Your reply should consist of the listing, copied exactly.

Segment Start: Available data

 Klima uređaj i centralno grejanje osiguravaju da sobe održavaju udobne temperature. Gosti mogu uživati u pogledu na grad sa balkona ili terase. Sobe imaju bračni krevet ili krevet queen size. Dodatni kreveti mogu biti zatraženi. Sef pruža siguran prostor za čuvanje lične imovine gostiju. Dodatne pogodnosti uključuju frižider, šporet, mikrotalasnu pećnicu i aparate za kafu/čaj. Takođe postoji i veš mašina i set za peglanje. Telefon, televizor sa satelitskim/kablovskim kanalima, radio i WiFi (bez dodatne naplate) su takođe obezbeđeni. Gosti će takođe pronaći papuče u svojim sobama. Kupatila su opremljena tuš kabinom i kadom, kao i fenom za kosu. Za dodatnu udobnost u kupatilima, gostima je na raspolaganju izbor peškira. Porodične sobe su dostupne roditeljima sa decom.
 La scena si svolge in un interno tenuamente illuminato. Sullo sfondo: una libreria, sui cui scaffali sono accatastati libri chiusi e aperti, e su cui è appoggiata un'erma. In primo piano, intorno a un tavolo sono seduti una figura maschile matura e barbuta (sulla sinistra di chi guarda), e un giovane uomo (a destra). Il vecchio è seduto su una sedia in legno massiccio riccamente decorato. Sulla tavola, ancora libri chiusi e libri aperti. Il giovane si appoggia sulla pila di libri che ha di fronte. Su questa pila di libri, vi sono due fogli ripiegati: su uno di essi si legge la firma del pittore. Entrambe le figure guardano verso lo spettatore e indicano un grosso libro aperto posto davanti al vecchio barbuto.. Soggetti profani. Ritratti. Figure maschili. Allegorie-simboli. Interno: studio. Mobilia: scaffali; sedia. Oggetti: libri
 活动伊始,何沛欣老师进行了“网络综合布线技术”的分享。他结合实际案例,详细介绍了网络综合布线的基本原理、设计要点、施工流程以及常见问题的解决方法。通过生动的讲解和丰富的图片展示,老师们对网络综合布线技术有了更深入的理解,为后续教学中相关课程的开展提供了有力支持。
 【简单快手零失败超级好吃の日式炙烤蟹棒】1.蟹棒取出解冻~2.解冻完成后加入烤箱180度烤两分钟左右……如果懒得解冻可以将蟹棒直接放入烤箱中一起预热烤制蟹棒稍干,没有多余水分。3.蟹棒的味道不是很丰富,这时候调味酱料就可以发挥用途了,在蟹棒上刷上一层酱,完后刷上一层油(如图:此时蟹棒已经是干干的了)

Segment End: Available data

◆ Answer to this problem:
 Klima uređaj i centralno grejanje osiguravaju da sobe održavaju udobne temperature. Gosti mogu uživati u pogledu na grad sa balkona ili terase. Sobe imaju bračni krevet ili krevet queen size. Dodatni kreveti mogu biti zatraženi. Sef pruža siguran prostor za čuvanje lične imovine gostiju. Dodatne pogodnosti uključuju frižider, šporet, mikrotalasnu pećnicu i aparate za kafu/čaj. Takođe postoji i veš mašina i set za peglanje. Telefon, televizor sa satelitskim/kablovskim kanalima, radio i WiFi (bez dodatne naplate) su takođe obezbeđeni. Gosti će takođe pronaći papuče u svojim sobama. Kupatila su opremljena tuš kabinom i kadom, kao i fenom za kosu. Za dodatnu udobnost u kupatilima, gostima je na raspolaganju izbor peškira. Porodične sobe su dostupne roditeljima sa decom.
 La scena si svolge in un interno tenuamente illuminato. Sullo sfondo: una libreria, sui cui scaffali sono accatastati libri chiusi e aperti, e su cui è appoggiata un'erma. In primo piano, intorno a un tavolo sono seduti una figura maschile matura e barbuta (sulla sinistra di chi guarda), e un giovane uomo (a destra). Il vecchio è seduto su una sedia in legno massiccio riccamente decorato. Sulla tavola, ancora libri chiusi e libri aperti. Il giovane si appoggia sulla pila di libri che ha di fronte. Su questa pila di libri, vi sono due fogli ripiegati: su uno di essi si legge la firma del pittore. Entrambe le figure guardano verso lo spettatore e indicano un grosso libro aperto posto davanti al vecchio barbuto.. Soggetti profani. Ritratti. Figure maschili. Allegorie-simboli. Interno: studio. Mobilia: scaffali; sedia. Oggetti: libri
 活动伊始,何沛欣老师进行了“网络综合布线技术”的分享。他结合实际案例,详细介绍了网络综合布线的基本原理、设计要点、施工流程以及常见问题的解决方法。通过生动的讲解和丰富的图片展示,老师们对网络综合布线技术有了更深入的理解,为后续教学中相关课程的开展提供了有力支持。
 【简单快手零失败超级好吃の日式炙烤蟹棒】1.蟹棒取出解冻~2.解冻完成后加入烤箱180度烤两分钟左右……如果懒得解冻可以将蟹棒直接放入烤箱中一起预热烤制蟹棒稍干,没有多余水分。3.蟹棒的味道不是很丰富,这时候调味酱料就可以发挥用途了,在蟹棒上刷上一层酱,完后刷上一层油(如图:此时蟹棒已经是干干的了)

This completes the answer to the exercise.